• **Problem details**
Taking the data below, please print only the lines from the line holding "工程管理专业一直秉持着以学生" to the line holding "拨号上网手机怎么连接(安卓手机无线拨号上网)", inclusive, with pictures omitted.

(Data items)

*** Begin section ***

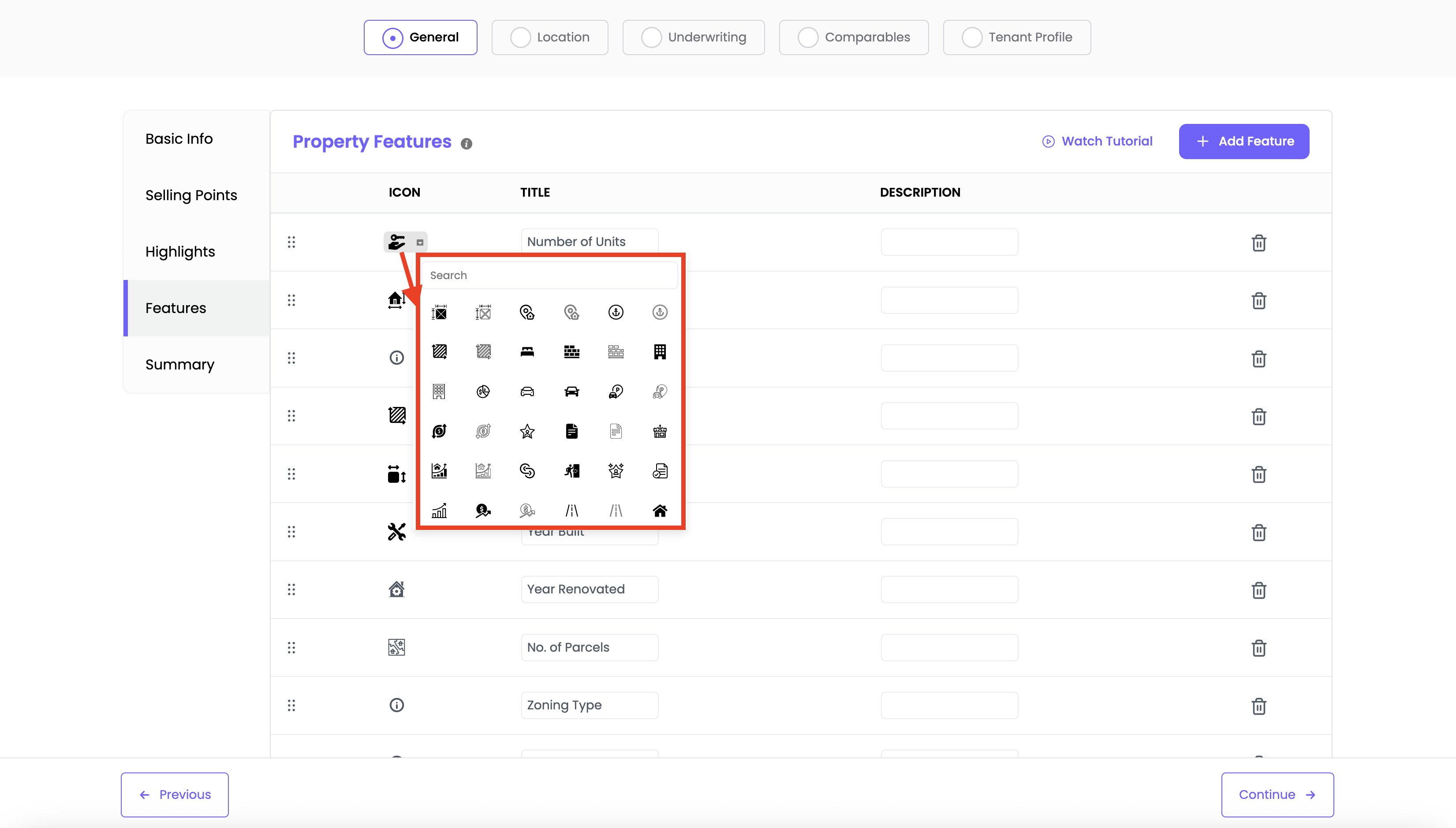 Choose an icon from the icon dropdown to visually represent the feature
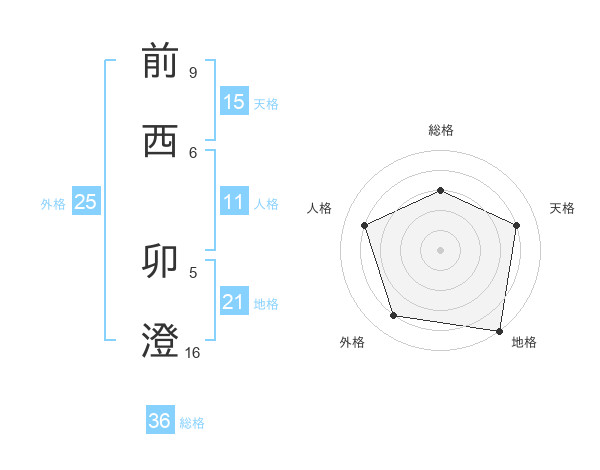 前西 卯澄さんの天格は15画の4点!
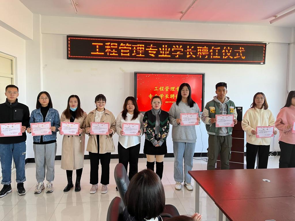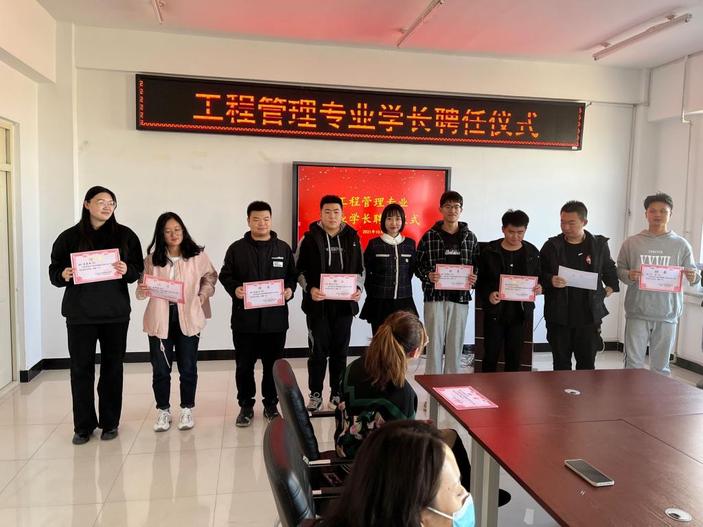 工程管理专业一直秉持着以学生为中心的教学育人理念,本次聘任专业学长,是为了起到一个良好的带头作用,在职业前瞻教育中建立老师和同学们的桥梁,同时能够以学生角度出发,走进学生的学习,生活,工作中,使他们形成良好的学习生活习惯,加强班级的班风、学风建设。并且在老师的带领,培养出一批优秀的学长队伍,在关键的时候能够挺住来,站出来,遇事能动起来,真正的为师生办实事。
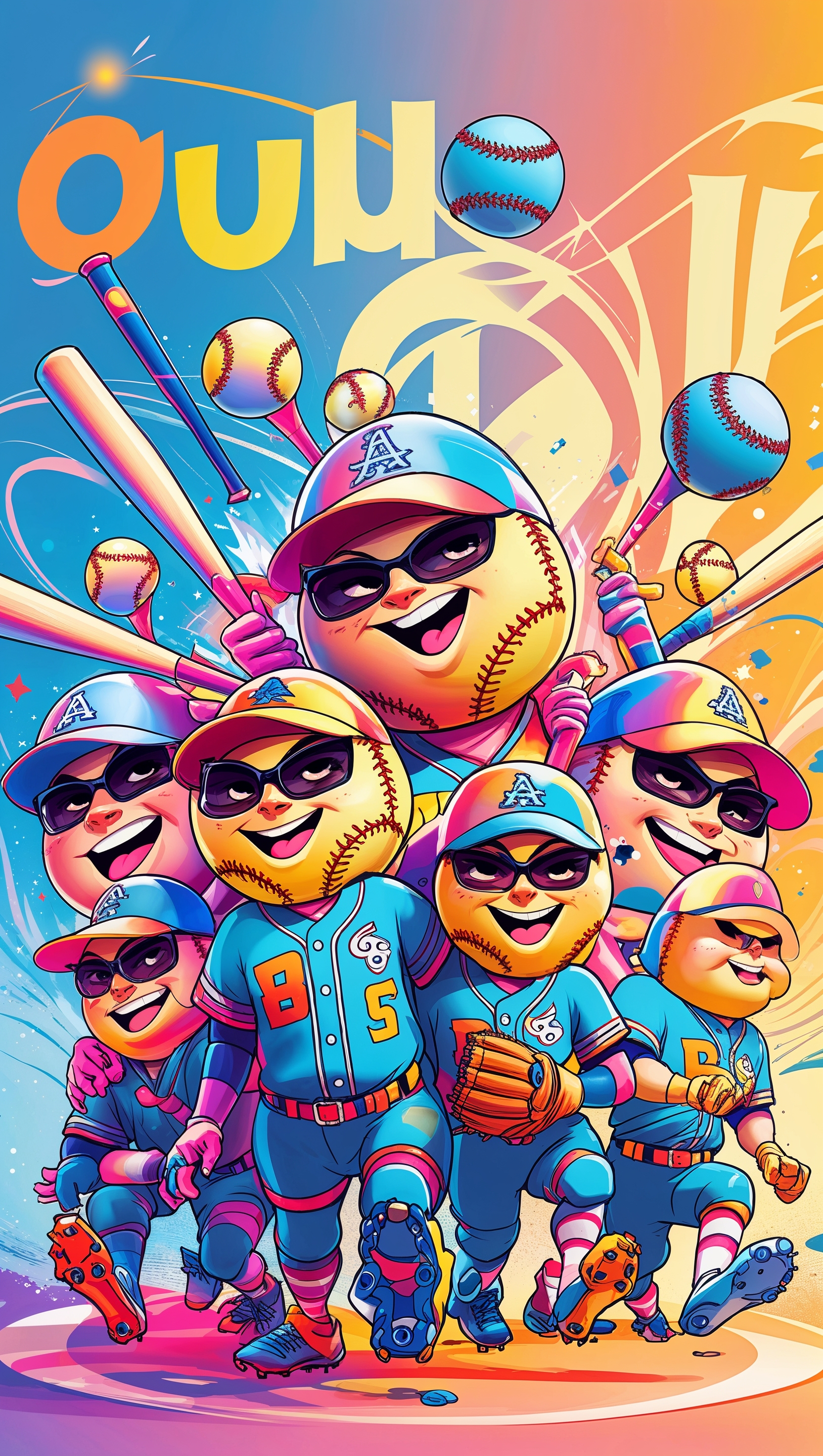 1664x2944 Cartoon-style softball characters in a fun scene, colorful, iPhone wallpaper
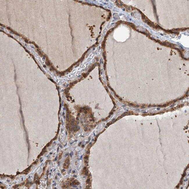 - Immunohistochemical analysis of ZNF527 in human thyroid gland using ZNF527 Polyclonal Antibody (Product # PA5-58084) shows moderate cytoplasmic positivity in glandular cells.
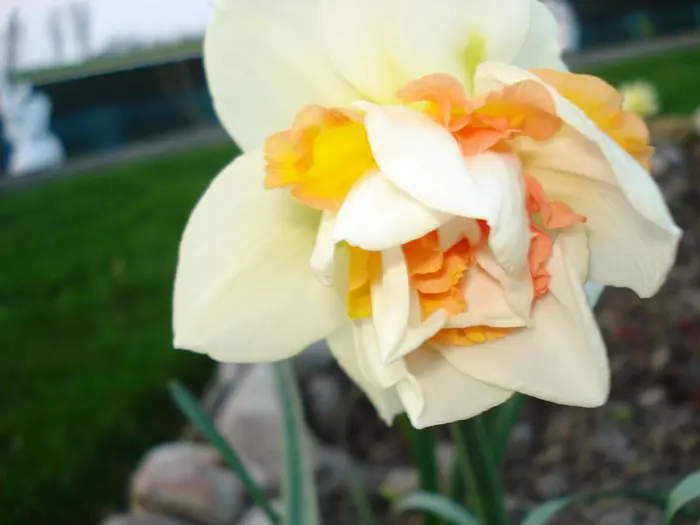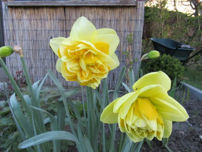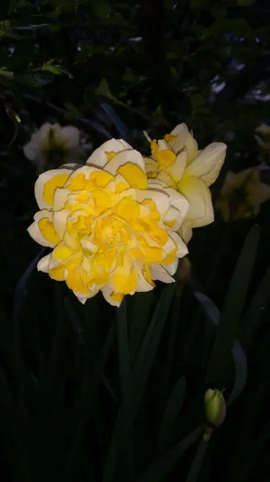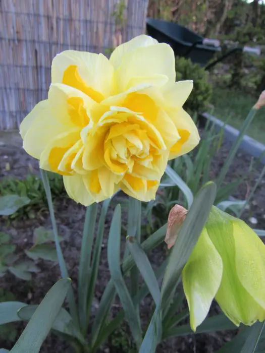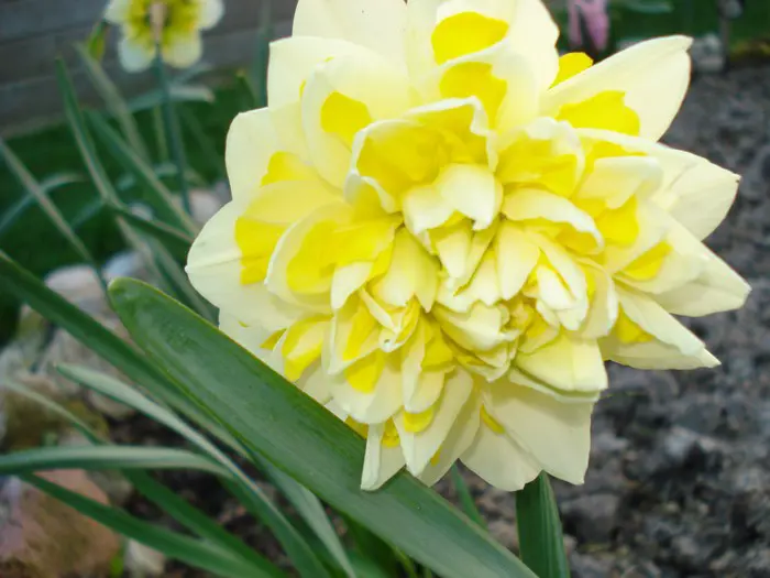 Een geurende, dubbelbloeiende narcis met citroengele en witte bloemblaadjes afwisselend in lagen.
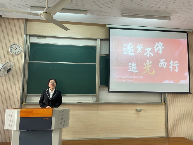 會議伊始,主持人宣讀了學校的相關文件和通知,介紹了學院本科生國家獎學金評審要求,明晰了此次國家獎學金答辯的答辯規則。經過前期個人申報、學院審核初評,共有10名學生參與此次答辯,答辯者按照抽簽順序依次上臺,并就思想品德、學習成績、學科競賽、社會實踐等方面進行答辯展示,充分地彰顯了外院優秀學子刻苦努力、勤學奮進、勇于擔當的精神風貌。整場答辯會氣氛熱烈、井然有序,在場觀摩學習的學生紛紛受到答辯人的優秀事跡所鼓舞,并給予每一位答辯人熱烈的掌聲。國獎評選答辯會不僅是學生一次展示的機會,更是一次難得的學習機會。
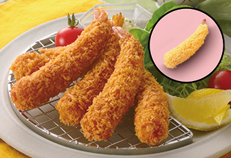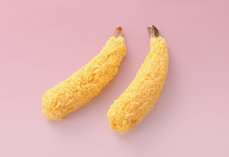 ボリューム感があり、立体的なバナナ形状のえびフライです。細かく粉砕したパン粉を丁寧に手付けした、軽い食感が特徴のえびフライです。
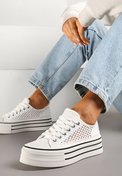 Białe Trampki na Platformie Ozdobione Koronką Emozi
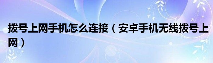 拨号上网手机怎么连接(安卓手机无线拨号上网)
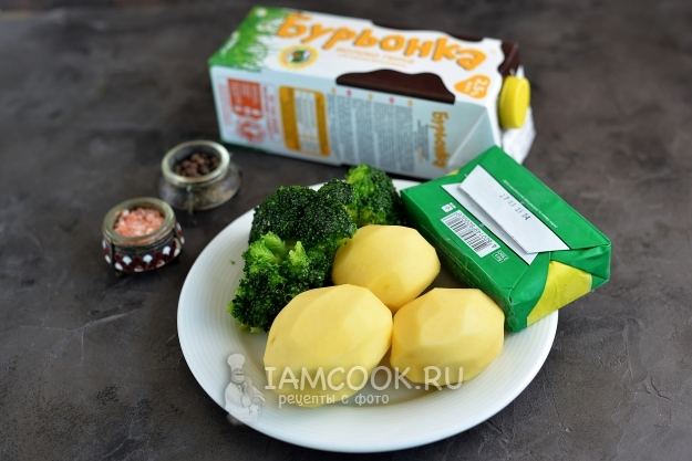 Продукты для приготовления пюре из картошки и брокколи подготовьте по списку ингредиентов. Картофель почистите, помойте. Если соцветия брокколи замороженные, постарайтесь разморозить их заблаговременно.
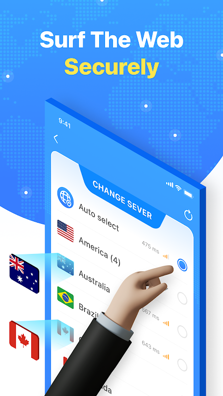 自動接続サービスにより、高速で無制限の接続が利用できます。これは、自動的にあなたの場所を検出し、最速のサーバーに接続します。ワンタップするだけで、地球上のどこにいても、超高速の VPN サービスを利用したり、当社のサーバーからコンテンツをダウンロードまたはストリーミングしたりできます。ワンクリック接続で使いやすく、最も近くて最速のサーバーを自動的に選択します。高速 VPN プロキシを楽しむために、登録、ダウンロード、または接続する必要はありません。

*** End section ***

• **Task response**
 工程管理专业一直秉持着以学生为中心的教学育人理念,本次聘任专业学长,是为了起到一个良好的带头作用,在职业前瞻教育中建立老师和同学们的桥梁,同时能够以学生角度出发,走进学生的学习,生活,工作中,使他们形成良好的学习生活习惯,加强班级的班风、学风建设。并且在老师的带领,培养出一批优秀的学长队伍,在关键的时候能够挺住来,站出来,遇事能动起来,真正的为师生办实事。
 1664x2944 Cartoon-style softball characters in a fun scene, colorful, iPhone wallpaper
 - Immunohistochemical analysis of ZNF527 in human thyroid gland using ZNF527 Polyclonal Antibody (Product # PA5-58084) shows moderate cytoplasmic positivity in glandular cells.
 Een geurende, dubbelbloeiende narcis met citroengele en witte bloemblaadjes afwisselend in lagen.
 會議伊始,主持人宣讀了學校的相關文件和通知,介紹了學院本科生國家獎學金評審要求,明晰了此次國家獎學金答辯的答辯規則。經過前期個人申報、學院審核初評,共有10名學生參與此次答辯,答辯者按照抽簽順序依次上臺,并就思想品德、學習成績、學科競賽、社會實踐等方面進行答辯展示,充分地彰顯了外院優秀學子刻苦努力、勤學奮進、勇于擔當的精神風貌。整場答辯會氣氛熱烈、井然有序,在場觀摩學習的學生紛紛受到答辯人的優秀事跡所鼓舞,并給予每一位答辯人熱烈的掌聲。國獎評選答辯會不僅是學生一次展示的機會,更是一次難得的學習機會。
 ボリューム感があり、立体的なバナナ形状のえびフライです。細かく粉砕したパン粉を丁寧に手付けした、軽い食感が特徴のえびフライです。
 Białe Trampki na Platformie Ozdobione Koronką Emozi
 拨号上网手机怎么连接(安卓手机无线拨号上网)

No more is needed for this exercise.